▶ _Problem_:
Beginning at the line that includes "Summer Small V-neck" in the entries below, print each line exactly as it appears, through the last one.

Data excerpts
━━━━
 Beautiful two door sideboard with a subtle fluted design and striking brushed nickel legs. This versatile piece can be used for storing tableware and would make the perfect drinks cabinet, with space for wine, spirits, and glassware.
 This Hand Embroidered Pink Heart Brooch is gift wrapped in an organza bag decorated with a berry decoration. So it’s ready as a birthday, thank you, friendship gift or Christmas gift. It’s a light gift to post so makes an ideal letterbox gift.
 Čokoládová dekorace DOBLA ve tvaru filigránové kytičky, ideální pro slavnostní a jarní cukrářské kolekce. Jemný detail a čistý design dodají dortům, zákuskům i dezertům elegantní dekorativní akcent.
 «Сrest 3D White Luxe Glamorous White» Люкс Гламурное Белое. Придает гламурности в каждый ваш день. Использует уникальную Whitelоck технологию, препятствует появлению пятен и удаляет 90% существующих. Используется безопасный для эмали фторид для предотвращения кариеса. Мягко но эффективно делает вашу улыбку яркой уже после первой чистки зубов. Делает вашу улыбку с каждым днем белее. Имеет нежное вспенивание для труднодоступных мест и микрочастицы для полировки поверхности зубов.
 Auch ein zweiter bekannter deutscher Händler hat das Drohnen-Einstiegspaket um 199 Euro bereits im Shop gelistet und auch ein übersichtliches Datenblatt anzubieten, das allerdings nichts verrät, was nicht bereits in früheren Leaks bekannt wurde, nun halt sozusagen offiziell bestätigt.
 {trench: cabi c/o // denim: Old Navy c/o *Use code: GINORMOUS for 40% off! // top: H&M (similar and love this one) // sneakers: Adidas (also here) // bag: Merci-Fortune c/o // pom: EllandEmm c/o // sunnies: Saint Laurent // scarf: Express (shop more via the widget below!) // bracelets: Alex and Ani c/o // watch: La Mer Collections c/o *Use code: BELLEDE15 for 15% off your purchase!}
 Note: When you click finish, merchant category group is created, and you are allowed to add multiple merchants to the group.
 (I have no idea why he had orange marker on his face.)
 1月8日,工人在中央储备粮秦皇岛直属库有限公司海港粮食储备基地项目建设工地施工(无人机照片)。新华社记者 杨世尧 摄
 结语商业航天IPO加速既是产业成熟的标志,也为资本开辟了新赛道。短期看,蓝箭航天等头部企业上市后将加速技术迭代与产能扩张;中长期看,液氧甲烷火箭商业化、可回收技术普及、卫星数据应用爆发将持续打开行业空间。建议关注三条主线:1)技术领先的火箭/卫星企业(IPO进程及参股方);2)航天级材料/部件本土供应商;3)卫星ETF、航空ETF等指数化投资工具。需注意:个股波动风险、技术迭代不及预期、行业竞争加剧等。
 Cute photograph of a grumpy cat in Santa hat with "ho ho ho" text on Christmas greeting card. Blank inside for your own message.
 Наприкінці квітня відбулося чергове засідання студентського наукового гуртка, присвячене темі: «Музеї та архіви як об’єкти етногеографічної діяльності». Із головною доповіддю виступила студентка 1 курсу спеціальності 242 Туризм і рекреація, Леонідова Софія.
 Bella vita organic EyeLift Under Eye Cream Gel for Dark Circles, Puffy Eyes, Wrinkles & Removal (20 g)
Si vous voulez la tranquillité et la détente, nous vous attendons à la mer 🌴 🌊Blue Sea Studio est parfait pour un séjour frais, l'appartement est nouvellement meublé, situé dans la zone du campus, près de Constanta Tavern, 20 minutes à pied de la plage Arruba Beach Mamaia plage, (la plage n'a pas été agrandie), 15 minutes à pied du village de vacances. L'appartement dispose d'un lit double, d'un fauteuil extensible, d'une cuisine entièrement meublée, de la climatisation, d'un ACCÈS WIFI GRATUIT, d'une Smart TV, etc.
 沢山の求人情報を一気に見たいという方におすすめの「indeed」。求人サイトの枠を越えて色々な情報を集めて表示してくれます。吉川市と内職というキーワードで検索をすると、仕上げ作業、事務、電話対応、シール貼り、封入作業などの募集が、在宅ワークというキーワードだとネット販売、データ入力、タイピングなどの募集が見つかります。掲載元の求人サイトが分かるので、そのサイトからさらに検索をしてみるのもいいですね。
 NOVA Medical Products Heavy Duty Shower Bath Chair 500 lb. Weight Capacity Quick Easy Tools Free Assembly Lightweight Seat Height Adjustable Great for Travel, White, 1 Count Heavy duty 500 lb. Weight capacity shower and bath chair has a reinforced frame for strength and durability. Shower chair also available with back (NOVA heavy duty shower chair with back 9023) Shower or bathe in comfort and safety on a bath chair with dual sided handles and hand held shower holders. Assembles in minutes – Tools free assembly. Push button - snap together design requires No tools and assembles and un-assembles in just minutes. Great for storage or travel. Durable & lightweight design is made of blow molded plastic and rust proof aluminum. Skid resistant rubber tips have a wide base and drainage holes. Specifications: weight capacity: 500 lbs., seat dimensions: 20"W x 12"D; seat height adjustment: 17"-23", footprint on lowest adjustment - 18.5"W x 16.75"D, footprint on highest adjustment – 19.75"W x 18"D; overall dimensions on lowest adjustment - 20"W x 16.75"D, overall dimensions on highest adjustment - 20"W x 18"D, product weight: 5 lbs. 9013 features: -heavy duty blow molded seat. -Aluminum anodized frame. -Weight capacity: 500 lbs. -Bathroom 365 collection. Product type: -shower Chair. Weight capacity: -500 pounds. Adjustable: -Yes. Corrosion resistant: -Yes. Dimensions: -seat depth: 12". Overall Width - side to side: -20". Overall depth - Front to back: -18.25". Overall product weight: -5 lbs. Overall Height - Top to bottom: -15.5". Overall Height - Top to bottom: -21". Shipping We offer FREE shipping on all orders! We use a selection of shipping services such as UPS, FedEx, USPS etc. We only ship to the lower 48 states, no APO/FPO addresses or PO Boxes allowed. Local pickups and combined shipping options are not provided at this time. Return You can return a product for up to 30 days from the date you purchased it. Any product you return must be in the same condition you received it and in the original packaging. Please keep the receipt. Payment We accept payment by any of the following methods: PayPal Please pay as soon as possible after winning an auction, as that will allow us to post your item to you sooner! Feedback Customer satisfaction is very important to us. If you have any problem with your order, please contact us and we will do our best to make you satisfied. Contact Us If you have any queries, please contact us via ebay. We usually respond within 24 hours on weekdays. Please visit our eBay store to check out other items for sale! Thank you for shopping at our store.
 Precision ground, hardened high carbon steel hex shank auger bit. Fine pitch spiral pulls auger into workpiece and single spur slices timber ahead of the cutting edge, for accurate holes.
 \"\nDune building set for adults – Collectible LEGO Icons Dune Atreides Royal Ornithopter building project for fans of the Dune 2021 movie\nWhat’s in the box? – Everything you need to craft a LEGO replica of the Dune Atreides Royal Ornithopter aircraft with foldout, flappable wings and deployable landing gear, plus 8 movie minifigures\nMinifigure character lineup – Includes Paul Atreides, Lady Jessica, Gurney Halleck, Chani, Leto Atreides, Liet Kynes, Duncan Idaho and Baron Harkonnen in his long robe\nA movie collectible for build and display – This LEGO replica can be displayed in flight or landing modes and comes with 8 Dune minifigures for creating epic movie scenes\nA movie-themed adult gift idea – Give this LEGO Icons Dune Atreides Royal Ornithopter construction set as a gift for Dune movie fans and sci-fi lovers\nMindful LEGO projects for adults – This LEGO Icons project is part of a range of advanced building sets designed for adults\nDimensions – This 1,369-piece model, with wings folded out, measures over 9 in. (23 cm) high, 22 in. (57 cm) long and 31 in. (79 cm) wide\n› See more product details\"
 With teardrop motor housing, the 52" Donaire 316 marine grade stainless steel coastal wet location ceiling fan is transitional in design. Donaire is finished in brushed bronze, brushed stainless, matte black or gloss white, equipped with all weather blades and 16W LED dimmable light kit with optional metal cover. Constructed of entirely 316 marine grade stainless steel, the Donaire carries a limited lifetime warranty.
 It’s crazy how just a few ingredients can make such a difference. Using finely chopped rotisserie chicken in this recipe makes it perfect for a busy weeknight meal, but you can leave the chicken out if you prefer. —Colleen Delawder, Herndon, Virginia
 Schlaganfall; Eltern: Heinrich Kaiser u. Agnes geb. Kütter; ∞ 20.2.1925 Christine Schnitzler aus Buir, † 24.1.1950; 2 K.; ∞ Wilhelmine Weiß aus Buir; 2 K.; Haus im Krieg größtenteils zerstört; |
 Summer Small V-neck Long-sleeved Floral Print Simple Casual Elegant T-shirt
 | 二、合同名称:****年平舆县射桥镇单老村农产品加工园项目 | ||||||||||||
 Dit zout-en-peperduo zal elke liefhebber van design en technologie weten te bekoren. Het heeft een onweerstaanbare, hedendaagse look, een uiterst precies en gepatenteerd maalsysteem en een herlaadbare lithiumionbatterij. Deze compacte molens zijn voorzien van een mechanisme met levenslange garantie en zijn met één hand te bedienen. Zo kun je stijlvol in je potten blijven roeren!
━━━━
▶ _Solution_:
 Summer Small V-neck Long-sleeved Floral Print Simple Casual Elegant T-shirt
 | 二、合同名称:****年平舆县射桥镇单老村农产品加工园项目 | ||||||||||||
 Dit zout-en-peperduo zal elke liefhebber van design en technologie weten te bekoren. Het heeft een onweerstaanbare, hedendaagse look, een uiterst precies en gepatenteerd maalsysteem en een herlaadbare lithiumionbatterij. Deze compacte molens zijn voorzien van een mechanisme met levenslange garantie en zijn met één hand te bedienen. Zo kun je stijlvol in je potten blijven roeren!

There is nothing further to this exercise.